Detuvo Gog la máquina y se volvió a mí con aire de triunfo:

—¿Se da cuenta? —me dijo—. ¡La «gran obra» del Viejo Truchimán! Estos Monólogos alborotarían a Freud en su tumba.

Sentí que mi desazón aumentaba, y le pregunté:

—¿Me dirá que ha gastado usted esas bolsas de hielo para llegar a una versión psicoanalista de los Tres Monólogos?

—No, señor —protestó él, como si yo acabase de insultar su inteligencia—. Ni Magog ni yo digerimos a los psicoanalistas: entendemos que su negocio es bastante rudimentario.

—Su negocio consiste —me explicó Magog— en hacerles creer a las viejas platudas que tienen aún problemas de orden sexual. Por eso, una vez, Gog y yo arrancamos en Buenos Aires las chapas de bronce de todos los psicoanalistas y las vendimos como chatarra.

—Mi versión de los Tres Monólogos —aclaró Gog todavía lastimado— se basa en la Historia Universal de la Pornografía.

—¿Quiere decir que volvemos al Hijodeputismo? —inquirí yo desolado.

—Naturalmente —asintió Gog—. El Hijodeputismo, como toda filosofía natural, no es un sistema cerrado, sino abierto y perfectible.

—¿Cómo perfectible?

—Se perfecciona en la medida en que los hombres van haciéndose más hijodeputizantes.

—¿Y es el caso del Viejo Fundidor? —le pregunté sólo por tirarle la lengua.

Olfateó Magog en su copa ventruda la nueva dosis de brandy que acababa de servirle Gog, el cual se mantenía de pie a su lado como un discípulo junto a su maestro.

—En alguna oportunidad —me recordó Gog— le comuniqué mi pensamiento acerca de la Pornografía en su relación histórica con el Capitalismo Burgués. Es peligroso democratizar un arte minoritario, como lo es la Pornografía; y el Capitalismo, ansioso de refinamientos, lo consiguió totalmente. ¡No me interrumpa! Estamos en el reino universal de la Pornografía. ¡No me interrumpa, señor!

—No lo interrumpo —le hice notar en mi desconcierto.

—Y no crea —me advirtió Gog sin escucharme— que le formulo aquí una simple cuestión de moralismo: ni Magog ni yo estamos con la moralina.

—La moralina —pontificó Magog— es el antibiótico en grajeas del burgués taciturno.

—Tampoco —insistió Gog noblemente—, al hablar del Hijodeputismo, entiendo rozar ni con la uña el honor de las abnegadas matronas que nos llevaron nueve meses en sus flancos bienhechores.

—Madre hay una sola —lloriqueó Magog con una lágrima en cada ojo.

—Lo que sí he de sostener a muerte —dijo Gog— es que la Pornografía, en su democratización burguesa, lo ha invadido todo: las artes, las literaturas, las filosofías, las modas y las costumbres. Es una Pornografía standard y «en cadena», según los métodos burgueses de la industria.

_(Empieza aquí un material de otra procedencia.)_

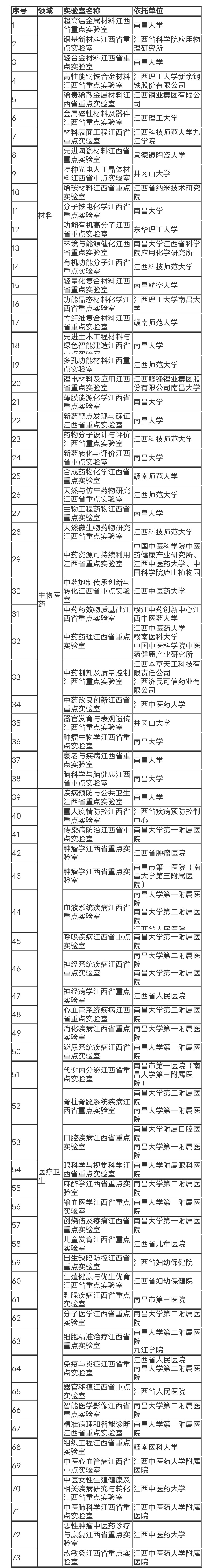 江西省科學技術廳發布江西省重點實驗室擬組建名單,材料領域實驗室17家,包括金屬材料、晶體材料、煤炭材料、新能源材料等;生物醫藥實驗室17家,涵蓋了從靶點發現、新藥研制。合成評價到資源再利用的醫藥研究全線;醫療實驗室42家,有腫瘤、神經系統、呼吸疾病、心血管疾病和代謝內分泌等重要方向。
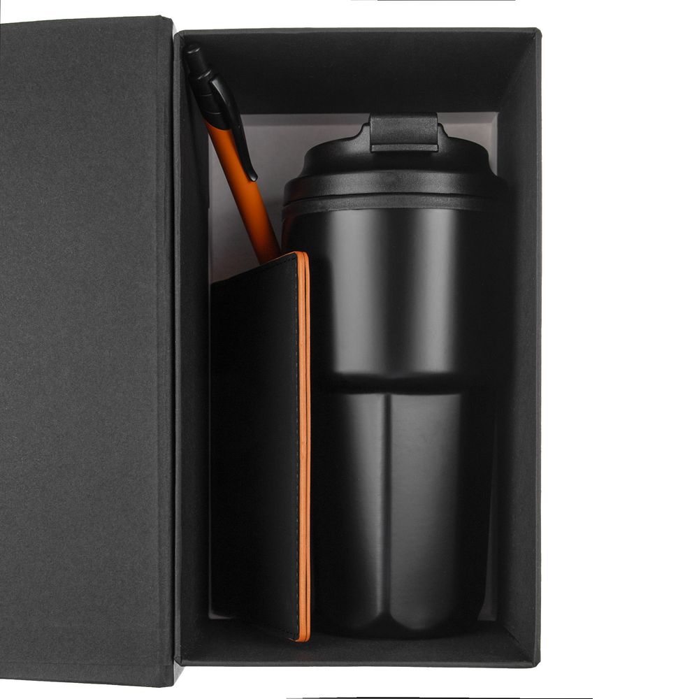 термостакан - нержавеющая сталь; полипропилен; обложка для паспорта - искусственная кожа; ручка - металл; пластик; коробка - переплетный картон

Lo vi desnudo y brutal en su fanatismo de sistema:

—¿No está exagerando la nota? —le pregunté—. ¡Usted no me ha dejado títere con cabeza! ¿Es que todo cayó bajo la Pornografía universalizante?

—¡Imbécil! —me insultó Gog en su entusiasmo—. No he dicho que todo: faltaba la Ciencia. ¡Y el Viejo Truchimán Libidinoso está metiéndola en la Pornografía!

Sudaba Gog y se estremecía en su furor especulativo:

—¡Ahí tiene usted el «gran brinco» —me reveló—, la «gran Obra», el «gesto nuevo» que intenta el Vulcano en Pantuflas! El muy ladino, en su ansia escandalosa de organizar un Banquete, sabe muy bien que la ingenua pornografía francesa, la visceral pornografía germánica, la solemne pornografía inglesa y la fúnebre pornografía española ya no conmueven ni a los niños de jardín de infantes, hoy sólo interesados en la fisión nuclear. ¿Y entonces qué hace? ¡Acude a la Ciencia! ¿No ha observado usted el arsenal de recursos científicos que aporta el Viejo Truchimán a la organización del Banquete?

Peligroso en su frenesí, Gog me dirigió un zarpazo a la cara, tal como si desease arrancar de mis ojos una telaraña invisible:

—¡Oiga, sordo y ciego! —me apostrofó—. ¡El Banquete será una orgía científica, una bacanal innoble, a base de electroshocks e isótopos radiactivos!

Se derrumbó sobre la mesa y su frente resonó en los duros tablones. Entre Magog y yo lo arrastramos hasta su catre de campaña: lo acosté y abrigué con las cobijas, al par que Magog, llorando de piedad, renovaba en la heladera los cubos de la bolsa.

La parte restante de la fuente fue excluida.